Natural Language Processing

If you work for a legal firm and you need to sift through thousands of pages of legal documents to find relevant ones. This is where NLP can help (concept of’Bag of Words’)

Getting Started

# install.packages('tm')
# install.packages('twitteR')
# install.packages('wordcloud')
# install.packages('RColorBrewer')
# install.packages('e1017')
# install.packages('class')

Go to apps.twitter.com and get your own token and access keys.

library(twitteR) library(tm) library(wordcloud) library(RColorBrewer)

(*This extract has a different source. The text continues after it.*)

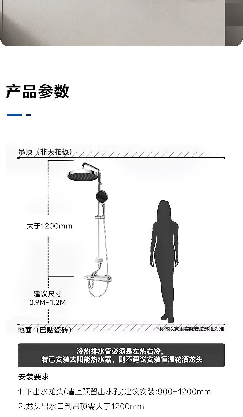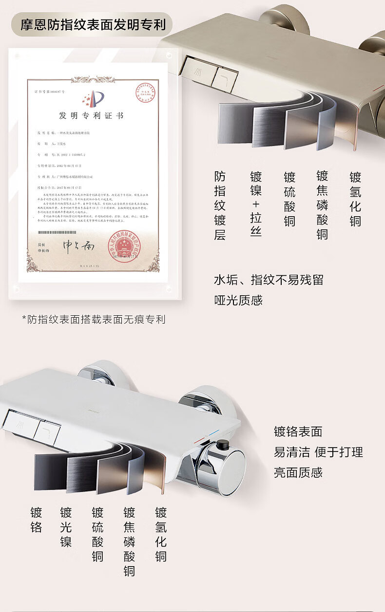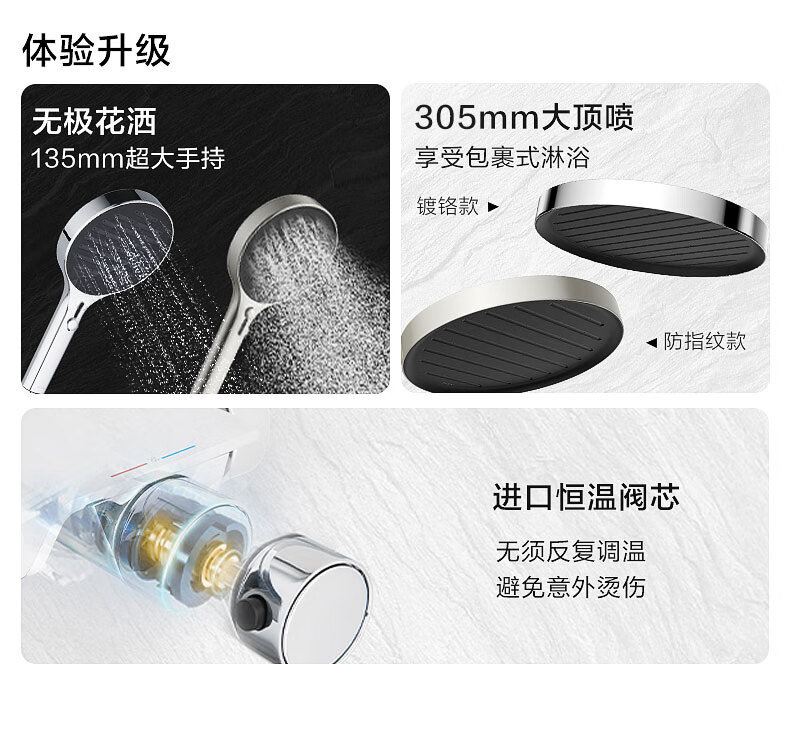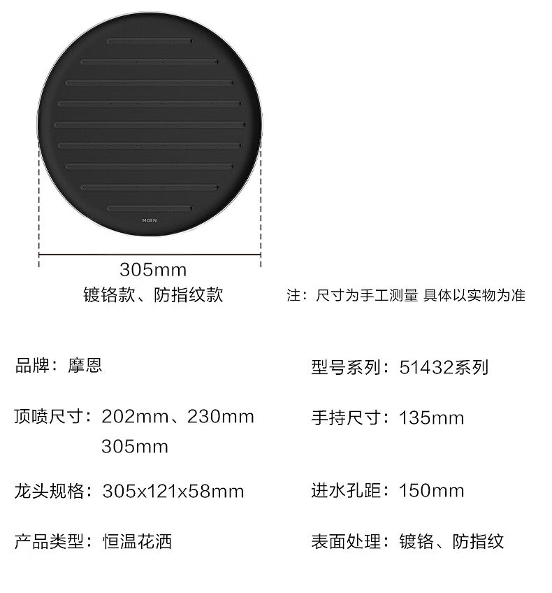 摩恩(MOEN)诺因系列钢琴按键智能恒温花洒套装淋浴无极花洒大平台置物51432 诺因 钢琴键两功能恒温龙头软连接

## Loading required package: NLP
## Loading required package: RColorBrewer

Connect to Twitter

# my own key is saved in strings under these variables.
# get your own from your twitter app. 
setup_twitter_oauth(ckey, skey, token, sectoken)
## [1] "Using direct authentication"
# you will probabbaly need to make a selection of 1 or 2, choose 1 
thanos.tweets <- searchTwitter('thanos', n= 1000, lang = 'en')
thanos.text <- sapply(thanos.tweets, function(x) x$getText())
thanos.text <- iconv(thanos.text, 'UTF-8', 'ASCII')
thanos.corpus <- Corpus(VectorSource(thanos.text))
# this is using the tm library
term.doc.matrix <- TermDocumentMatrix(thanos.corpus, control = list(removePunctuation = T, stopwords = c('thanos',stopwords('english')),removeNumbers=T, tolower=T))
term.doc.matrix <- as.matrix(term.doc.matrix)
word.freq <- sort(rowSums(term.doc.matrix), decreasing = T)
dm <- data.frame(word=names(word.freq), freq = word.freq)
wordcloud(dm$word, dm$freq, random.order = F, colors = brewer.pal(8, 'Dark2'))
## Warning in wordcloud(dm$word, dm$freq, random.order = F, colors =
## brewer.pal(8, : httpstcoqukpectf could not be fit on page. It will not be
## plotted.